**TASK OBJECTIVE:**
No pictures, please. Output the lines from the start of the data through the line that contains "会上,我校2023年通过验收", both included, exactly as they stand.

**DATA EXCERPT:**
Segment Open

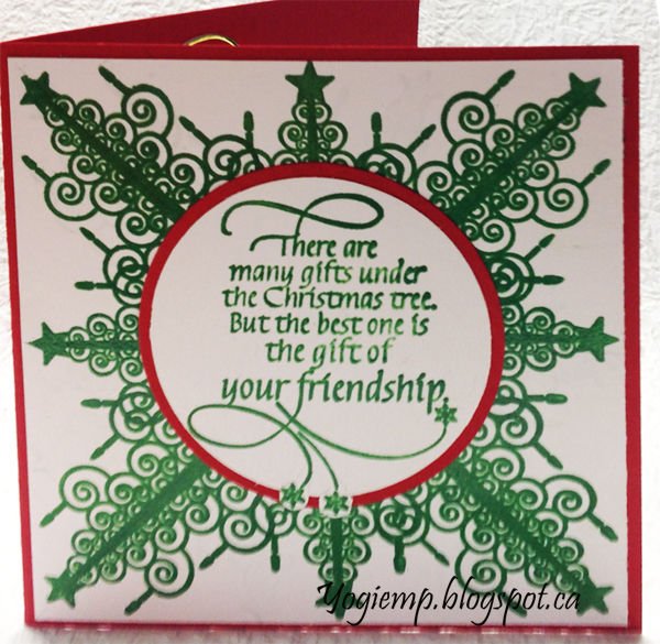 Scored and folded my red textured cardstock to create my side fold structure. Cut a piece of white cardstock. Penciled in lines diagonally (corner to corner) and horizontally and vertically. Cut a circle from thin paper and placed in center (wasn't sure if I wanted the center blank or not...). Inked my stamp with Versafine Clair "Green Oasis", positioned it along one of the pencil lines and stamped. Repeated on each pencil line creating the motif then clear embossed. Stamped the quote using the oasis, clear embossed and die cut with a circle die set. PS the circle was a touch smaller than the whole quote so cut around the bottom little stars to fit n top of my die. Cut a circle from the red texture cardstock and adhered both together then onto the motif piece, then onto the card front. |
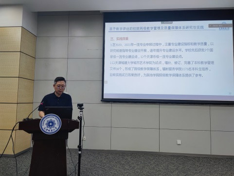 会上,我校2023年通过验收的9项天津市级教学改革研究项目负责人分享了教学改革经验,分别从项目选题、研究内容、工作方案、标志性成果及推广应用情况等方面进行汇报,并对市级教改项目的申报与实施提出宝贵建议。
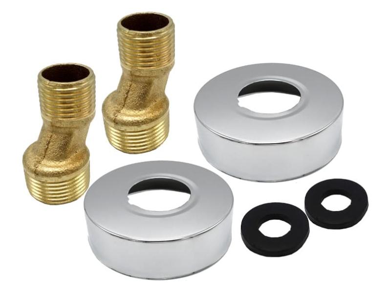 Комплект ексцентриків із чашками MILLZ – це перехідник з водопровідної труби на кран або навпаки. Виріб виготовлений з латуні, має захисне хромове покриття відбивача, покликане додатково захистити деталь від корозії та покращити її зовнішній вигляд. Застосування даного фітинга компенсує неточність в установці водорозеток, а також дозволяє скоригувати розташування змішувача до сторонніх поверхонь. Це перехідник, у якого вісь має широку і вузьку різьбову частину, зміщену один до одного. Його розмір становить 3/4 х 1/2 (15 х 20 мм). В комплекті також ідуть хромовані чашки-декори циліндричної форми і гумові прокладки чорного кольору.

Segment Closed

**PROBLEM SOLUTION:**
 Scored and folded my red textured cardstock to create my side fold structure. Cut a piece of white cardstock. Penciled in lines diagonally (corner to corner) and horizontally and vertically. Cut a circle from thin paper and placed in center (wasn't sure if I wanted the center blank or not...). Inked my stamp with Versafine Clair "Green Oasis", positioned it along one of the pencil lines and stamped. Repeated on each pencil line creating the motif then clear embossed. Stamped the quote using the oasis, clear embossed and die cut with a circle die set. PS the circle was a touch smaller than the whole quote so cut around the bottom little stars to fit n top of my die. Cut a circle from the red texture cardstock and adhered both together then onto the motif piece, then onto the card front. |
 会上,我校2023年通过验收的9项天津市级教学改革研究项目负责人分享了教学改革经验,分别从项目选题、研究内容、工作方案、标志性成果及推广应用情况等方面进行汇报,并对市级教改项目的申报与实施提出宝贵建议。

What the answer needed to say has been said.